The U.S. Federal Trade Commission announced its first crackdown on deceptive claims in the CBD market Thursday, issuing fines and sanctions to six manufacturers accused of misleading consumers about the health benefits of the cannabis extract.
The FTC, an independent government agency charged with consumer protection, says the six companies made illegal claims about their products’ ability to treat diseases including cancer, high blood pressure and Alzheimer’s disease.
“We are not saying that CBD products cannot provide some relief to some patients,” Andrew Smith, director of the FTC’s Bureau of Consumer Protection, told reporters after announcing the sanctions. “But the same rules of the road apply to CBD products that apply to all other health products. In no event can they exaggerate or lie about the state of the science.”
The sanctioned CBD makers were:
Bionatrol Health and Isle Revive of Pleasant Grove, Utah. The company was ordered to pay $20,000.
Epichouse (First Class Herbalist) of West Valley City, Utah. The company was ordered to pay $30,000.
CBD Meds Inc. of Winchester, California. The company was ordered to stop making unproven claims.
Easybutter and HempmeCBD of Boca Raton, Florida. The company was ordered to pay $36,254.
Reef Industries and CannaTera of Costa Mesa, California. The company was ordered to pay $85,000.
Steves Distributing of Longmont, Colorado. The company was ordered to pay $75,000.
The FTC cited illegal advertising claims made by each of the manufacturers. Claims included promises that taking CBD would “leav(e) you pain free and feeling years younger.” Many included customer testimonials saying the products cured rare ailments or replaced prescription drugs, including OxyContin.

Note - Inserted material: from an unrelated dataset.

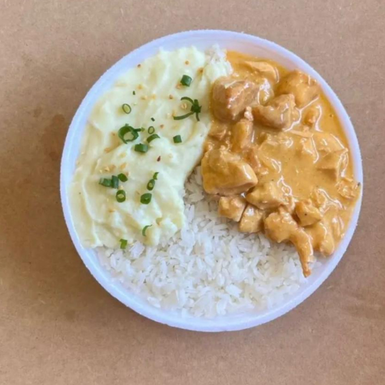Marmita com delicioso filé de frango ao molho estrogonofe acompanhado de arroz branco e purê de batatas inglesas. Marmita indicada para 01 pessoa.

Each of the companies is also required to notify consumers within 45 days of the FTC sanctions. The companies then must submit a report to the FTC within 90 days summarizing their actions, including the total number of eligible customers identified and notified.
The agency said the CBD industry could expect more actions in the future when unsubstantiated medical claims are made.
“Don’t make spurious health claims that are unsupported by medical science,” Smith said in a statement. “Otherwise, don’t be surprised if you hear from the FTC.”